Alarms went off in my head. Something wasn’t right. I asked her what she was apologizing for. As I waited for her reply, my mom was waiting for me in the car. I couldn’t leave until I knew what was wrong. She replied by telling me how she had taken eighty pills. Immediately, I ran out of the house and hopped into the car. I needed to tell my mom; I couldn’t lose my friend.
My words flooded out like a collapsing dam. By the time we were almost there I had told her everything. My voice was weak and trembling. Although my mom was racing down the street like a bullet, it felt like it took an eternity.
When I got to her house, I ran to the door and tried the handle, hoping for the best but knowing that the probability of it being locked. I wasn’t worried about this factor because I would have busted that door down in a heartbeat. Thankfully, the door swung open. She hadn’t locked it.
I ran inside and didn’t stop until I reached the kitchen where I saw her, lying on the floor. Beside her was a letter that contained what she believed would be her last words. Spilled over the letter were fifteen little red pills. Only fifteen were left from the bottle that contained one hundred fifty pills only half an hour ago. I scooped up the pills and the letter, and put the pills out of the way. The paper is light in weight but the words weighed more than an elephant. The biggest scars left on people are from words. I began to read the letter, but the first sentence speared me in the heart. I never read past that first sentence. Which was for my own good since when my mom read it she cried.

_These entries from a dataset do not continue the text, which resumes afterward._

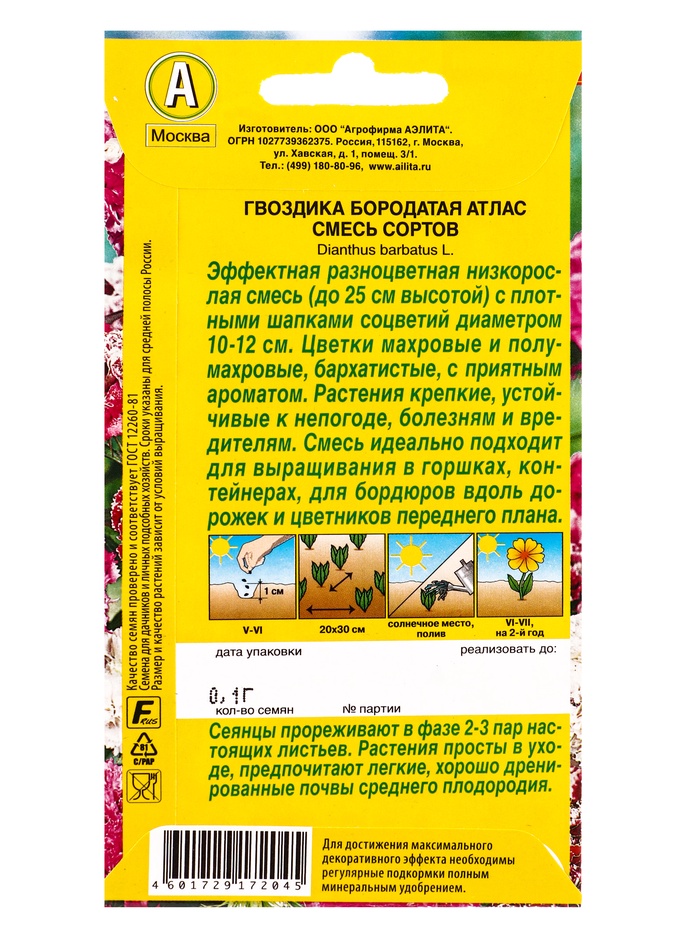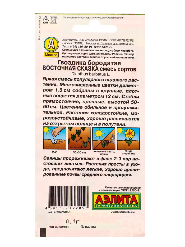 Набор Семена цветов Гвоздика турецкая многолетняя (238758319) ВБ
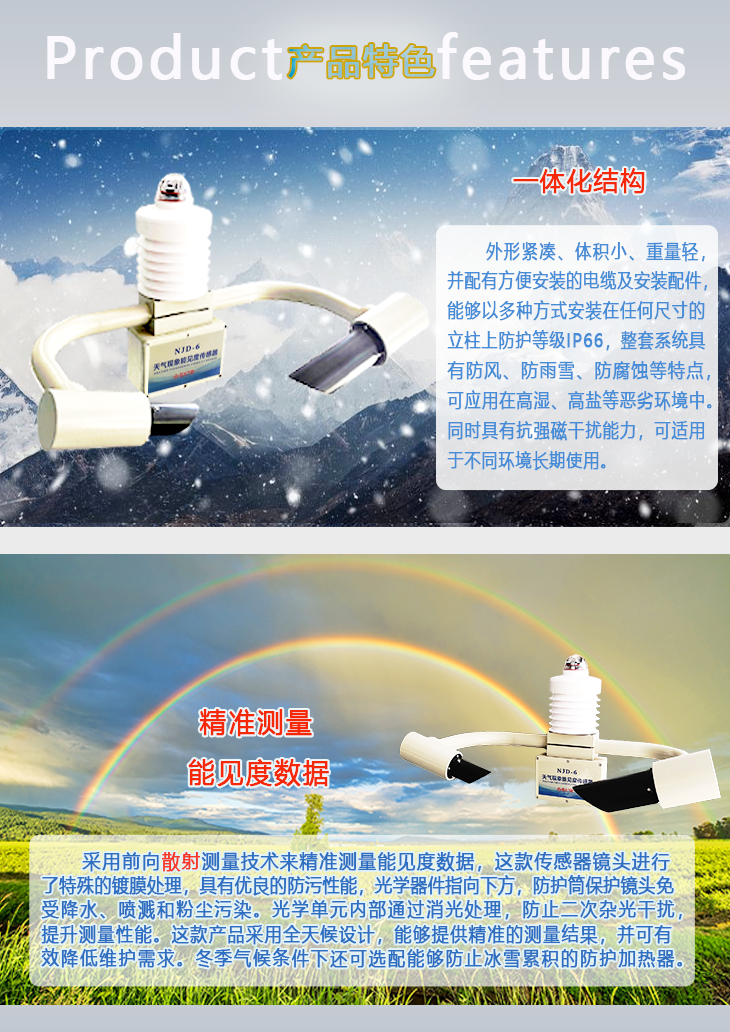 NJD-6型天氣現(xiàn)象能見度傳感器是錦州陽光自主研發(fā)的國產(chǎn)化高精度天氣現(xiàn)象探測設(shè)備,可以識別各種雨及雪的狀態(tài),超越了傳統(tǒng)的雨量儀器,滿足對雨雪的精密觀測,同時又可以實時監(jiān)測能見度的數(shù)據(jù)。
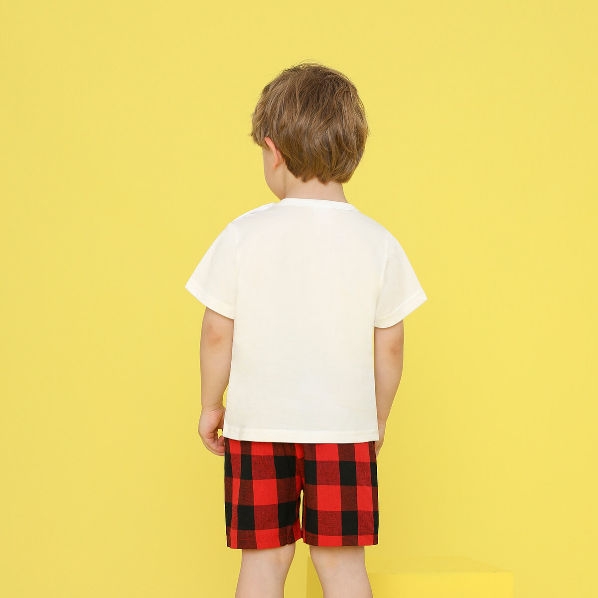 Minions × toddler boy Printed Red & Black Checkered Trouser Suit Wholesale
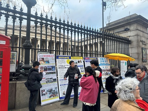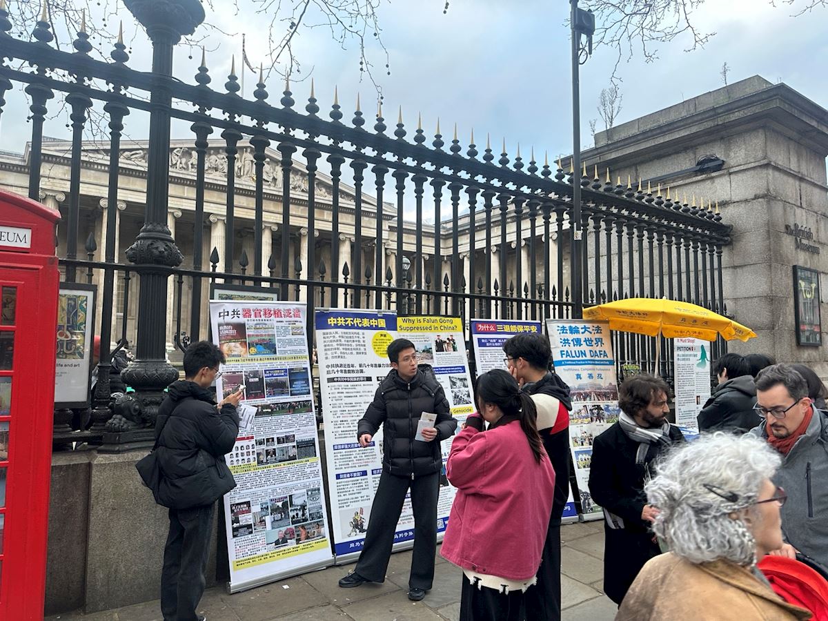 To help people, especially Chinese tourists, learn what Falun Gong is and refute the CCP’s defamatory propaganda, practitioners maintain a presence near the British Museum, which is a popular landmark. Their activity received a permit from the local government and is protected by London police.
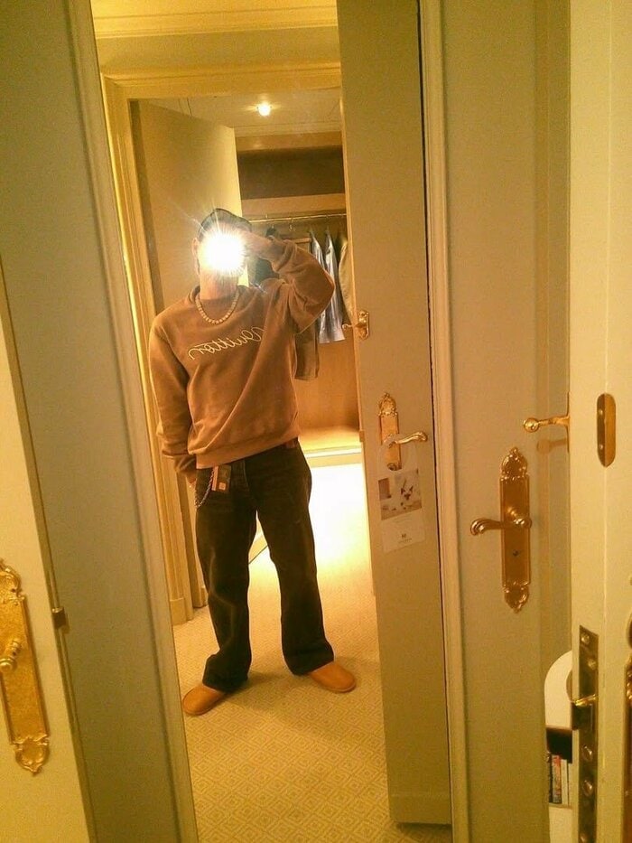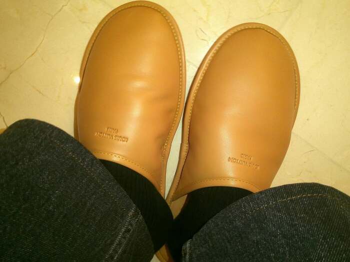 さらに、足元を写したショットも公開。ベージュのスリッパをよく見ると、甲の部分にもルイ・ヴィトンのロゴがあしらわれています。
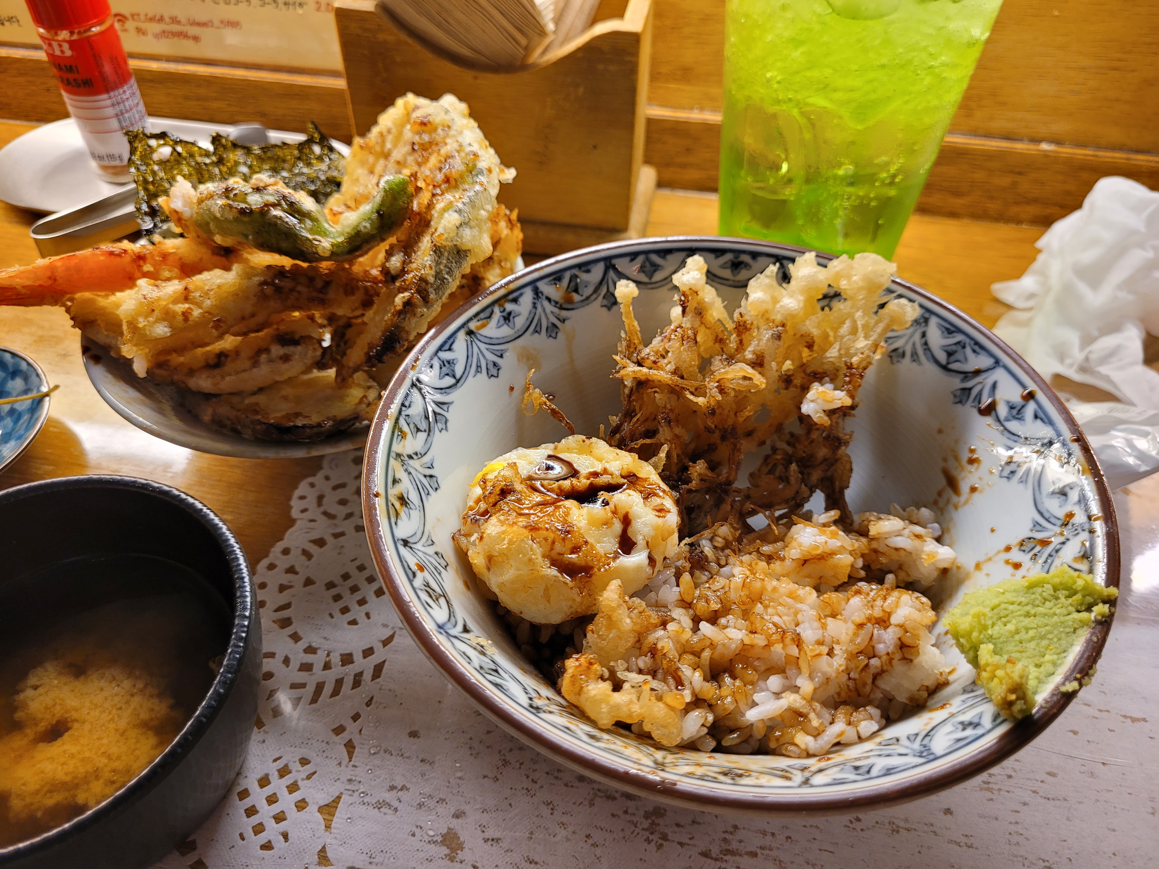 나오자마자 후다닥 사진 찍고 뒤에 있는 뚜껑을 빼서 튀김들을 빠르게 뚜껑에 옮겨준다. 그럼 더 오래 바삭하게 먹을 수 있다. 옆의 고추냉이는 조금씩 떠서 튀김과 같이 먹으면 된다. 팽이버섯이 특히나 아주 맛있다. 팽이버섯, 김과 같이 얇은 음식일수록 금방 눅눅해지니 제일 먼저 먹으면 좋다. 그리고 계란이 식기 전에 터뜨려서 밥과 같이 한 입. 감칠맛 돌면서 이거 먹으러 대전 오지..라는 생각을 한다. 그 외 튀김은 말해 뭐 하나! 아 참고로 여기는 얇고 파삭파삭한 식감의 튀김이다. 딱 내 취향. 여기 먹고 서울에서 다른 텐동 집들도 몇 번 가봤는데 첫 입부터 느끼하고 튀김도 두껍고 딱딱해서 다시는 요우란 외의 텐동집을 안 가게 됐다.
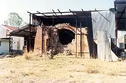 The bricks at Pindi Pindi were made by the semi-plastic method. A tramline ran from the clay and shale pit to the works. The clay was ground in the pan and then dropped into the brick press. The building bricks and fire bricks used the dry press method, however, bricks for fire arches in locomotive fireboxes had to be fashioned manually.[1]
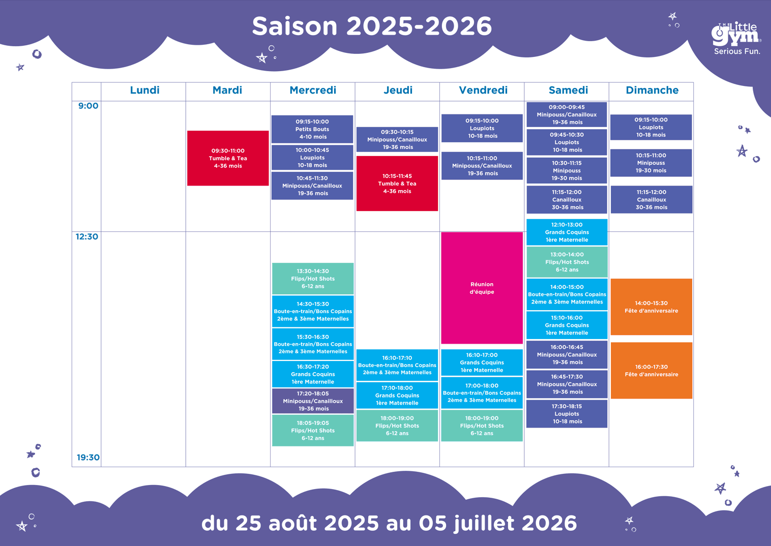 Notre fils y va depuis des années, il a commencé à 3 mois. Nous recommandons vivement la Little Gym.
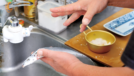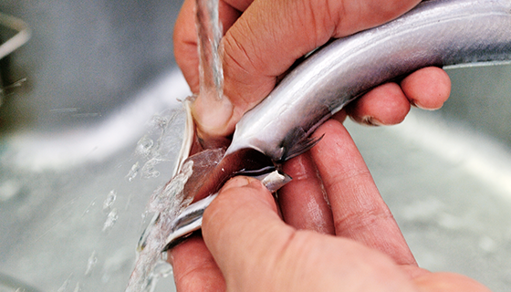 さんまの全体を洗い、特に血が溜まっているエラの部分をしっかり洗う。これだけで、においがかなり抑えられる。その後、拭いて水分を取る
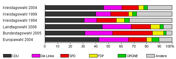 | Kreistagswahl 2004 | 38,7 | 46,1 | 14,5 | 12,9 | 4,3 | 2,9 | 19,3 | |
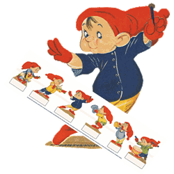 Christels små musiknisser fra 1940erne spiller julen ind. Klip dem ud enkeltvis som kravlenisser eller klip dem ud samlet, så de danner en lille guirlande. Nisseorkestret kan også samles, så de danner en kreds, hvor de spiller julemusik, så englene synger.
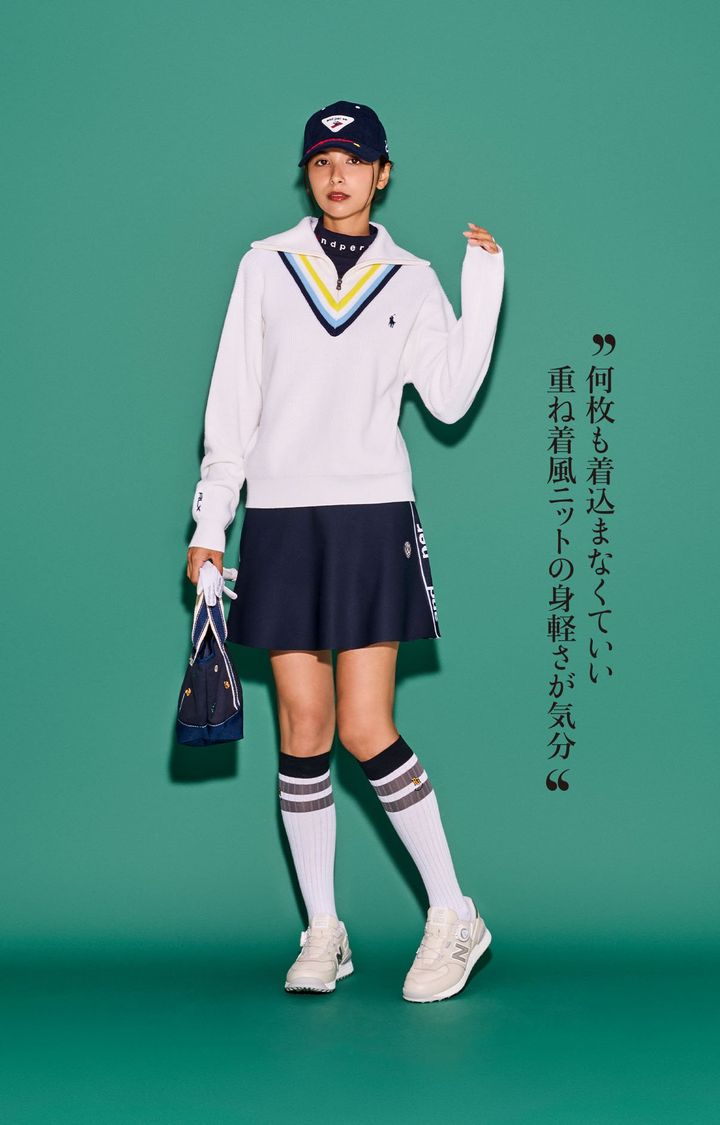 ニット¥50,600(ポロラルフローレンゴルフ/ラルフローレン)中に着たモックネックシャツ¥13,200、スカート¥17,600、キャップ¥6,050(以上アンパスィ)バッグ¥9,900(ビームスゴルフ/ビームスゴルフ有楽町)グローブ〈片手〉¥2,420(アディダスゴルフ)ソックス¥3,740(パーリーゲイツ)シューズ¥19,800〈編集部調べ〉(ニューバランス/ニューバランスジャパン)
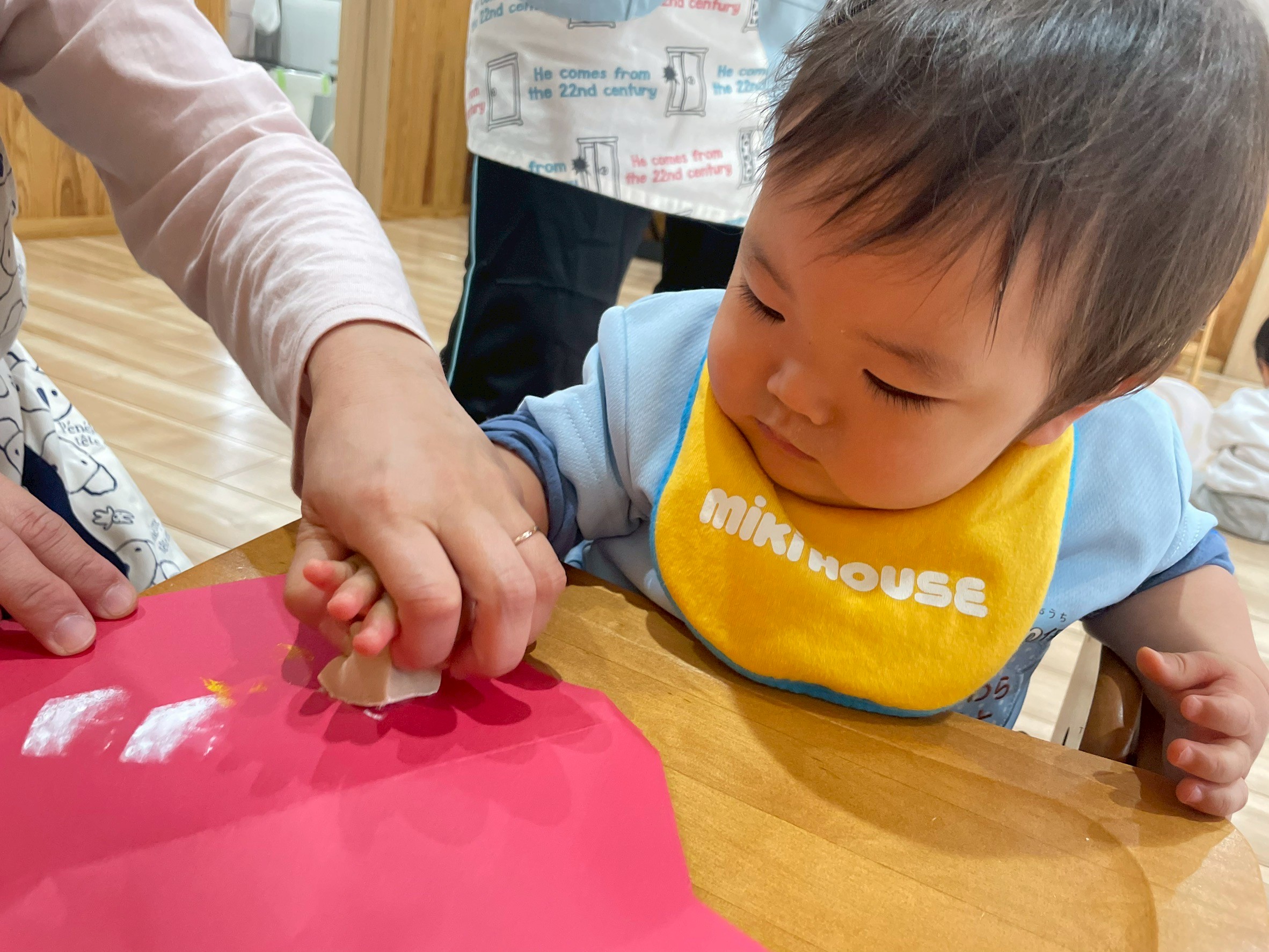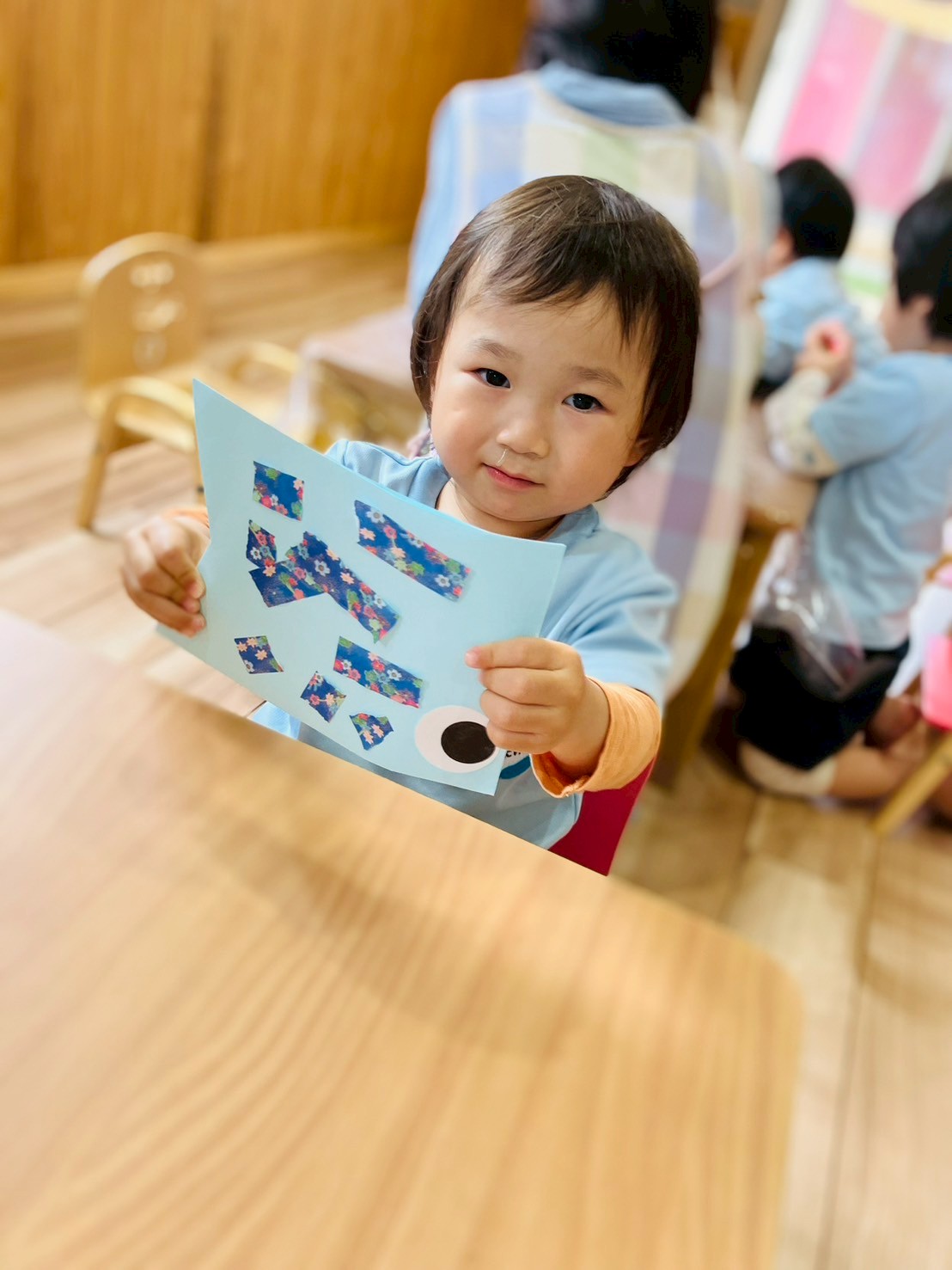 好きな柄を2種類選び、手でちぎって、保育者にのりをつけてもらい好きな所に貼りましたよ☺️

The next thing I did after I tried to read the letter was kneel down beside her and take hold of her hand. I ran my hand over hers and kept telling her she was going to be okay. For both of our sakes, I was hoping I was right.
Time seemed to freeze while we waited for the first responders to arrive. The police were the first to arrive on the scene, with a response time of three minutes. The ambulance arrived shortly after. As she was being put into the back of the ambulance, several of her neighbours came out to see what all the ruckus was about. Shortly after, she was transported to the hospital. I wasn’t too far behind the ambulance, following in a car. This memory is one of the skeletons in my closet.
I have tried suppressing this memory for quite a while. It has consumed me and I feel trapped by it at times. One of the things that I have learnt is that you have to face the memories that consume us. Dealing with a bad memory, instead of repressing, allows you to break free from the cage that they keep you in. Memories are like a ghost from the past: they haunt me.
have kept two versions of this essay since I first read it in 2014 to remind myself that people love me. That people care. And that my death would start a domino affect of hurting the people I love—a scar that I would have left on them for eternity.
In the moment, I was extremely angry with my friend. I didn’t get why she wouldn’t just let me go, even as I on the ground begging her to just let me die. I can’t thank her enough for ignoring what I wanted and giving me what I needed: a chance at a fresh start of life and an awareness of the impacts of mental illness.
This is why Bell Let’s Talk Day is important to me. I hope (and beg) that you take time tomorrow to support this cause. It doesn’t take long.